The more I get used to living with the wildlife around my home in Los Angeles, the more wildlife seems to be living with me. There have always been rats, spiders, flies, ants and such – garden variety pests, plus the more appealing critters like squirrels and sparrows, that share our urban lives. But there are many more animals I’ve had to come to a modus vivendi with. I’ve learned to watch out for skunks on the path at night, to not leave out pet food or rubbish, which unfailingly attract opossums and raccoons, and to keep a sharp eye out for coyotes before letting my cats outside in the mornings.

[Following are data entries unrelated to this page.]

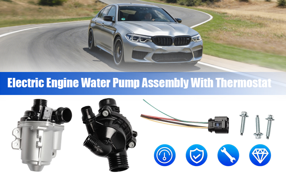 Electric Engine Water Pump Assembly With Thermostat 11517632426 Compatible With BMW 335i 335is 335xi 535i 535xi X1 X4 X6 2007-2016 3.0L Replaces 11517563659 11517588885 11519455978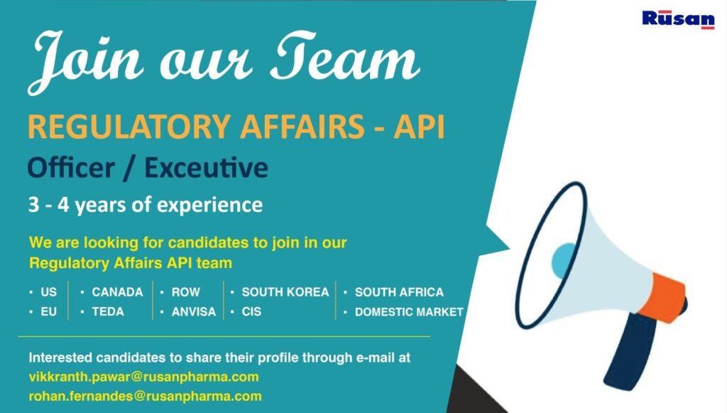 We are looking for candidates to join in our Regulatory Affairs API team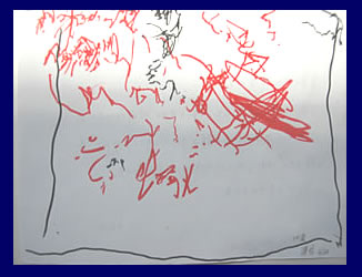 「幼稚園で遊んだの。お外で遊んだんだよ。ポツポツが子どもで、棒が木で、点は砂場。」

Ten years ago this struck me as a surplus of wild beasts to cope with, but year on year their numbers and variety have only escalated. It’s now rarely one skunk on the path, but a family, not one raccoon but a gang, scuffling and squawking on the roof in the wee hours. These mammalian characters join a Noah’s Ark of others that make themselves at home hereabouts: hawks, owls, ravens, herons, gulls, myriad songbirds, lizards, bats, gophers, and snakes – to name just some vertebrates. In friends’ neighbourhoods, closer to the city’s edge, bears regularly browse gardens, dip in backyard swimming pools in summer, and help themselves to the contents of refrigerators. Recently, even bobcats have become common in some suburban districts. Posts of doorbell-camera footage of wild animals’ doings now crowd social media.

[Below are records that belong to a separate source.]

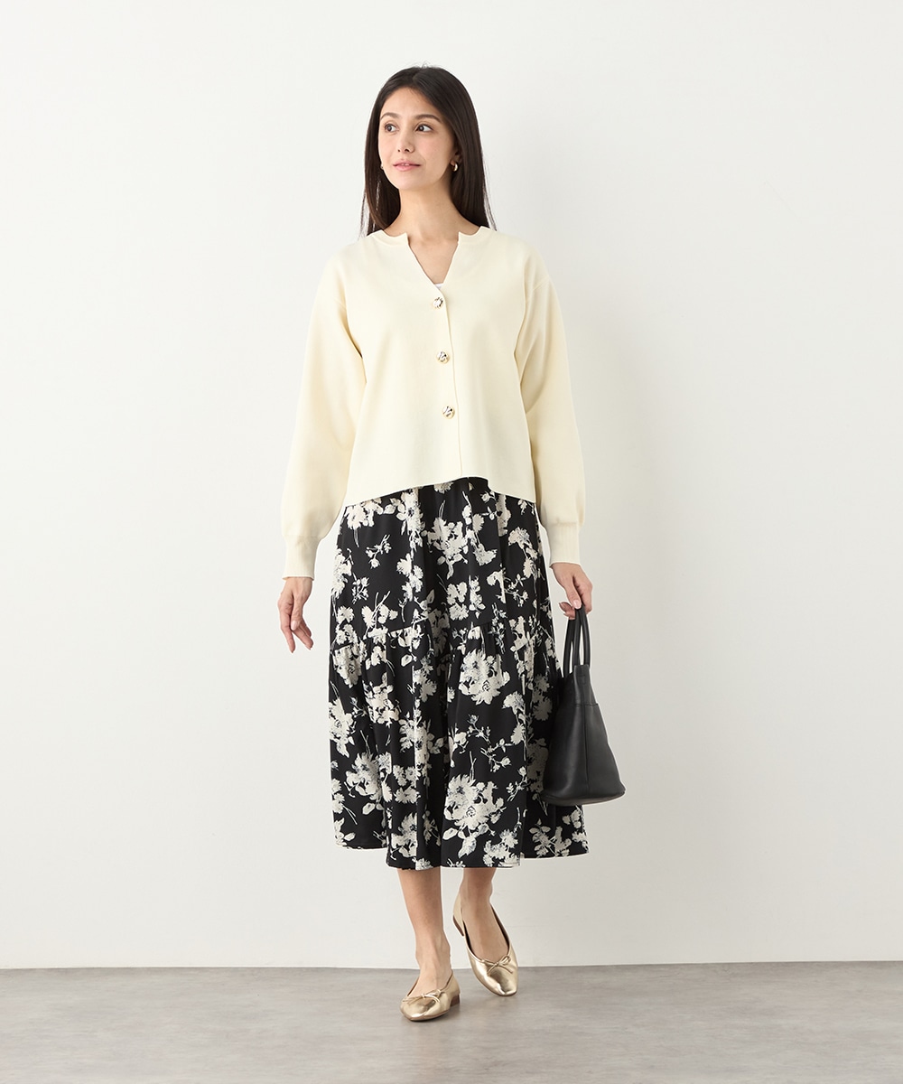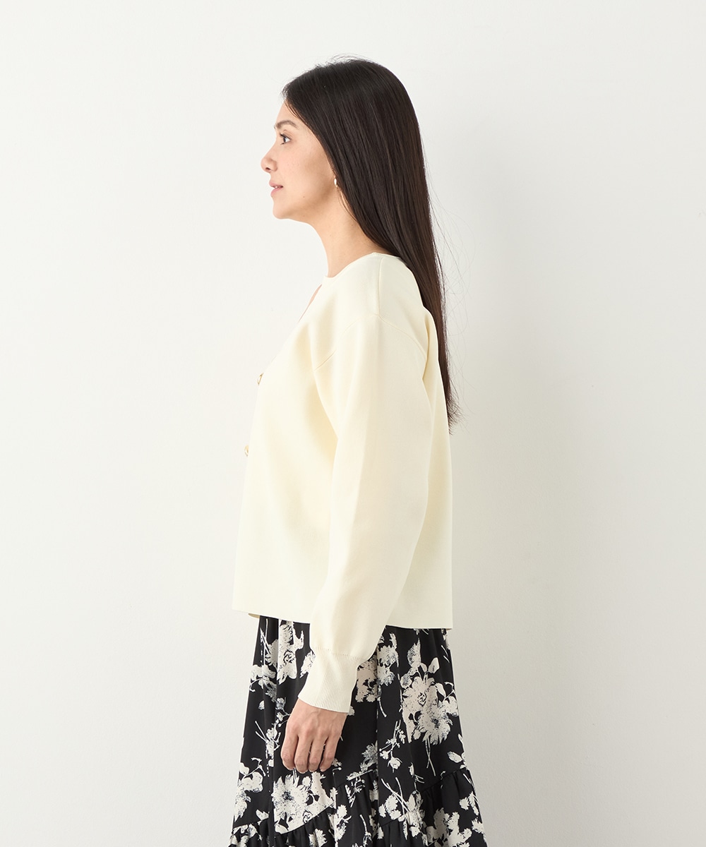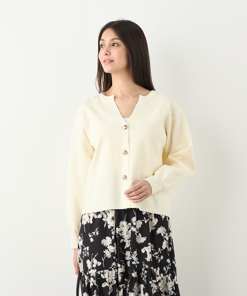 ネックのカッティングが特徴的で、フェイスラインがすっきりと見えます。目の細かな編み地のなめらかな表面感は上品な印象をプラス。ソフトな風合いも魅力です。着丈は少し短めに仕上がっており、さまざまなボトムスと合わせられます。春らしい明るくフレッシュな印象のカラーバリエーションです。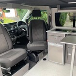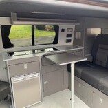 Our campervan is converted from the Highline model of Transporter van. It comes with air- con, bluetooth, cruise control, apple connectivity, front and reverse sensors, auto wipers, electric windows, windscreen climate technology, privacy glass, solar panel and diesel heaters to keep you warm in the winter. The engine is a 2.0 litre 110bhp diesel with Bluemotion technology and it has Euro 6 emission standard. On a full tank you will get up to 600 miles.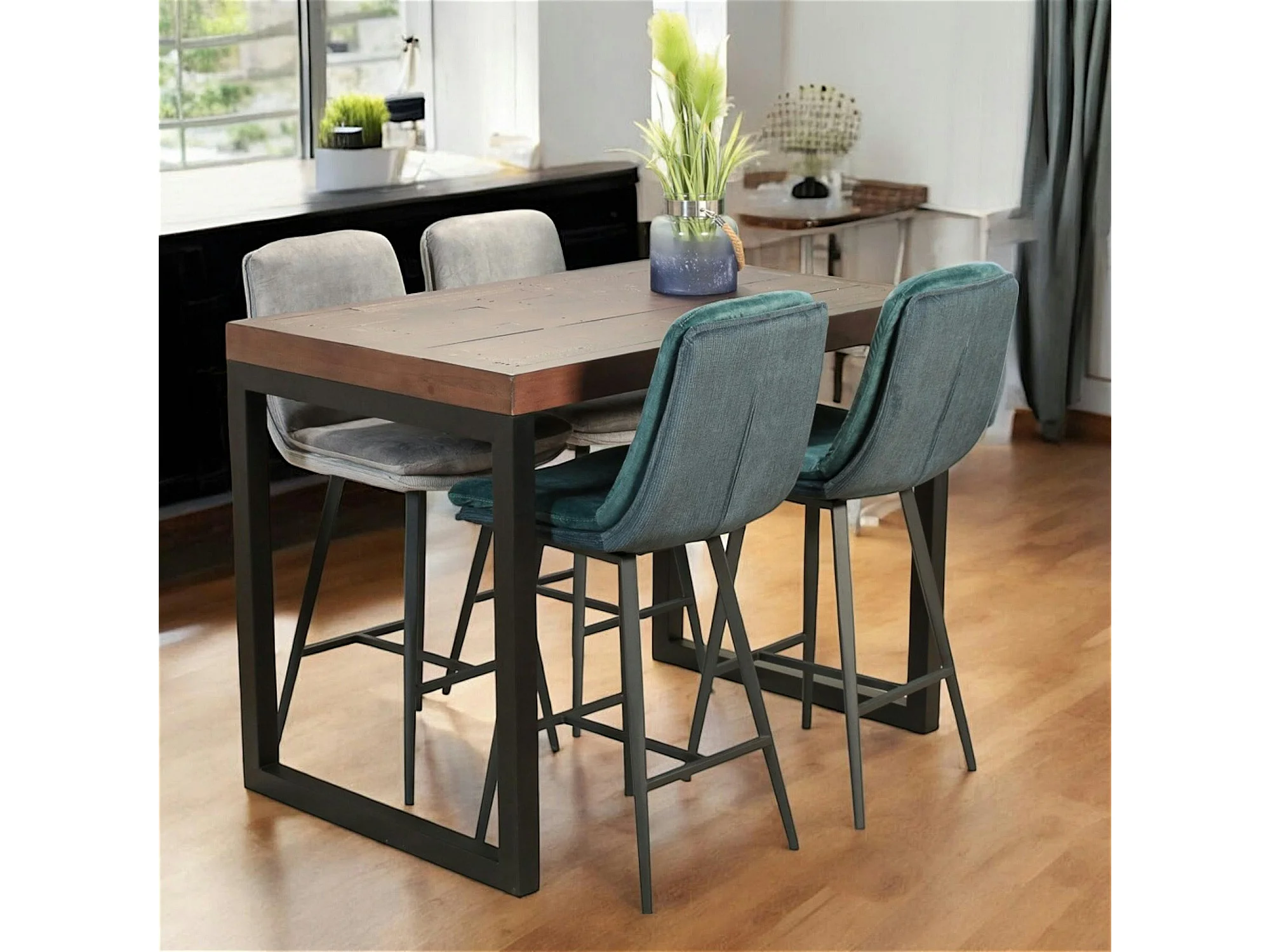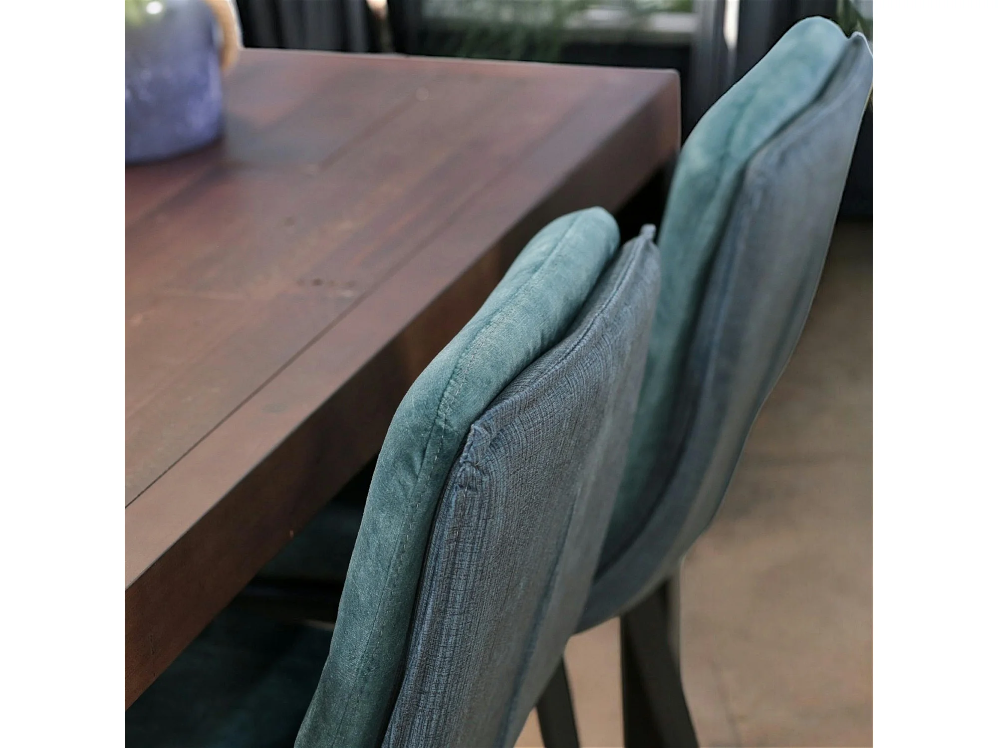 Chaise de bar en velours bleu à double coussinage (lot de 2) OKA

To top it all off, in 2011, a male mountain lion moved into a city park just a few miles away, having improbably crossed multiple freeways from his distant mountain birthplace. Named P-22 by biologists who study the local cougar populations, he has thrived under the actual shadow of the Hollywood sign, fed by abundant deer fattened on the lawns and memorial flower bouquets of two landscaped cemeteries adjacent to the park, where he passes by the graves of Elizabeth Taylor and Michael Jackson. Because of this venison subsidy, P-22 hasn’t had to resort to dining on people’s pets (though he did once eat a koala at the LA Zoo), and so has become a beloved celebrity in his own right, frequently spotted strolling along neighbourhood streets.

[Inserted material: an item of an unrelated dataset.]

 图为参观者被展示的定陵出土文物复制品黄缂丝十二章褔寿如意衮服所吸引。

LA’s wild urban biodiversity may be well-publicised, but it isn’t unique nor even unusual. Most North American cities now have resident coyotes; many struggle with rampant suburban deer populations that graze shrubbery and collide with vehicles. Some have even more exotic residents: alligators and venomous snakes in yards and parks in the Southeastern US, polar bears and eagles scavenging rubbish tips in the northern regions. In many other cities, people cohabit with not-so adorable “charismatic megafauna”: Berlin has wild boars, Mumbai prowling leopards, Rajasthan garbage-eating sloth bears. Thieving langur monkeys bedevil urban dwellers all over South Asia. In Indonesia their role is played by macaques; in Cape Town, by baboons. Even penguins make themselves an urban nuisance nearby elsewhere in South Africa.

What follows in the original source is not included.